● **What to do**:
Return the data that follows exactly as it appears. Pictures do not belong in the copy.

● **Dataset entries**:
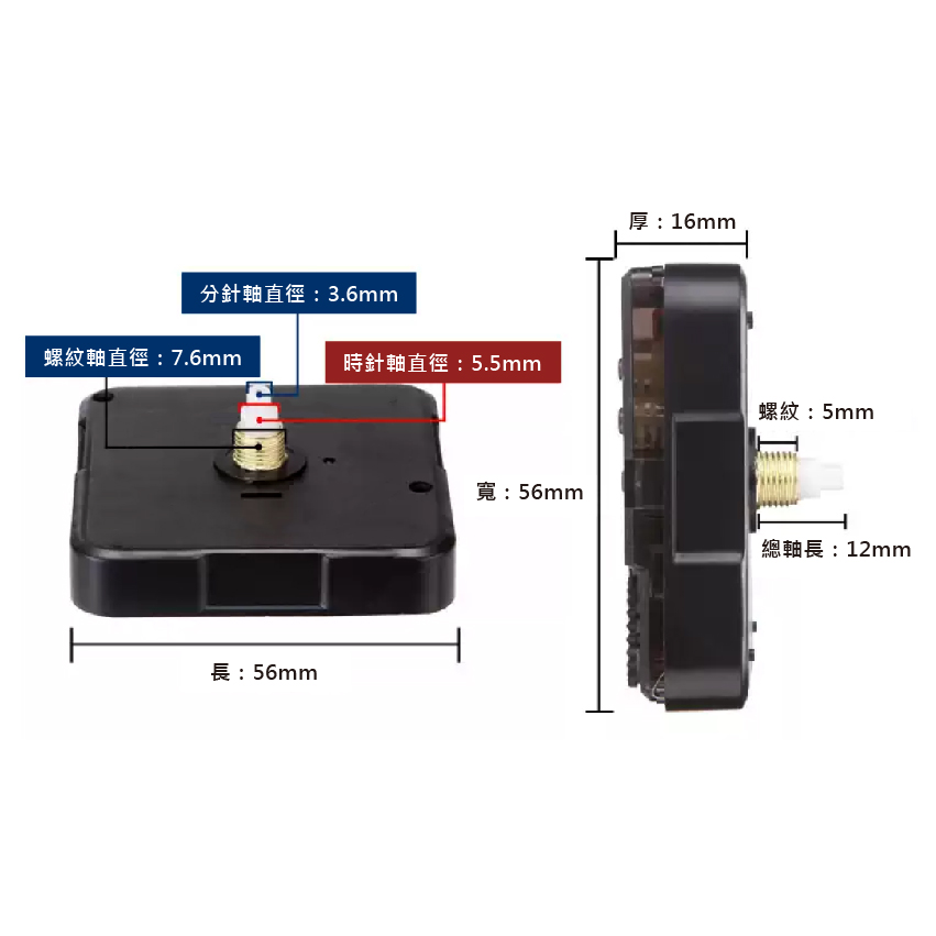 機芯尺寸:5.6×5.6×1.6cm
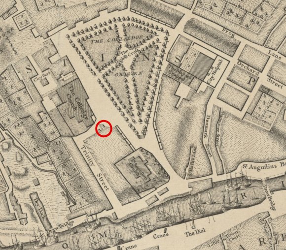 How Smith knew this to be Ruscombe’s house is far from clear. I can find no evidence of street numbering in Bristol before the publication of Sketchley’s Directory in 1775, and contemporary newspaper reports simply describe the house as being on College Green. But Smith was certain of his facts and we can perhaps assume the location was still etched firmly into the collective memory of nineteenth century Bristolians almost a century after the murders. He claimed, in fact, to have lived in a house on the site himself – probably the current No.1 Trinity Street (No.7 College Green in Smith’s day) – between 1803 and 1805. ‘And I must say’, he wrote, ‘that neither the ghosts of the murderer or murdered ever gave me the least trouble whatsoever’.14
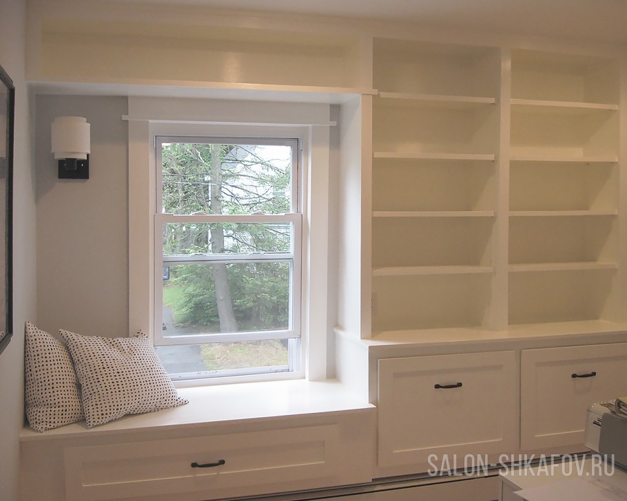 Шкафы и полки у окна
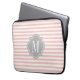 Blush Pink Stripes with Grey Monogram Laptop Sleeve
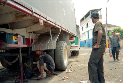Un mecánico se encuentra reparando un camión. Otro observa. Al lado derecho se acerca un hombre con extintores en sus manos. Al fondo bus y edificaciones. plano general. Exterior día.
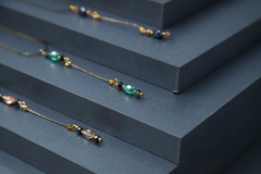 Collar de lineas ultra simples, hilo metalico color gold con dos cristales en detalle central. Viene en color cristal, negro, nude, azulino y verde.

● **Result for this task**:
 機芯尺寸:5.6×5.6×1.6cm
 How Smith knew this to be Ruscombe’s house is far from clear. I can find no evidence of street numbering in Bristol before the publication of Sketchley’s Directory in 1775, and contemporary newspaper reports simply describe the house as being on College Green. But Smith was certain of his facts and we can perhaps assume the location was still etched firmly into the collective memory of nineteenth century Bristolians almost a century after the murders. He claimed, in fact, to have lived in a house on the site himself – probably the current No.1 Trinity Street (No.7 College Green in Smith’s day) – between 1803 and 1805. ‘And I must say’, he wrote, ‘that neither the ghosts of the murderer or murdered ever gave me the least trouble whatsoever’.14
 Шкафы и полки у окна
 Blush Pink Stripes with Grey Monogram Laptop Sleeve
Un mecánico se encuentra reparando un camión. Otro observa. Al lado derecho se acerca un hombre con extintores en sus manos. Al fondo bus y edificaciones. plano general. Exterior día.
 Collar de lineas ultra simples, hilo metalico color gold con dos cristales en detalle central. Viene en color cristal, negro, nude, azulino y verde.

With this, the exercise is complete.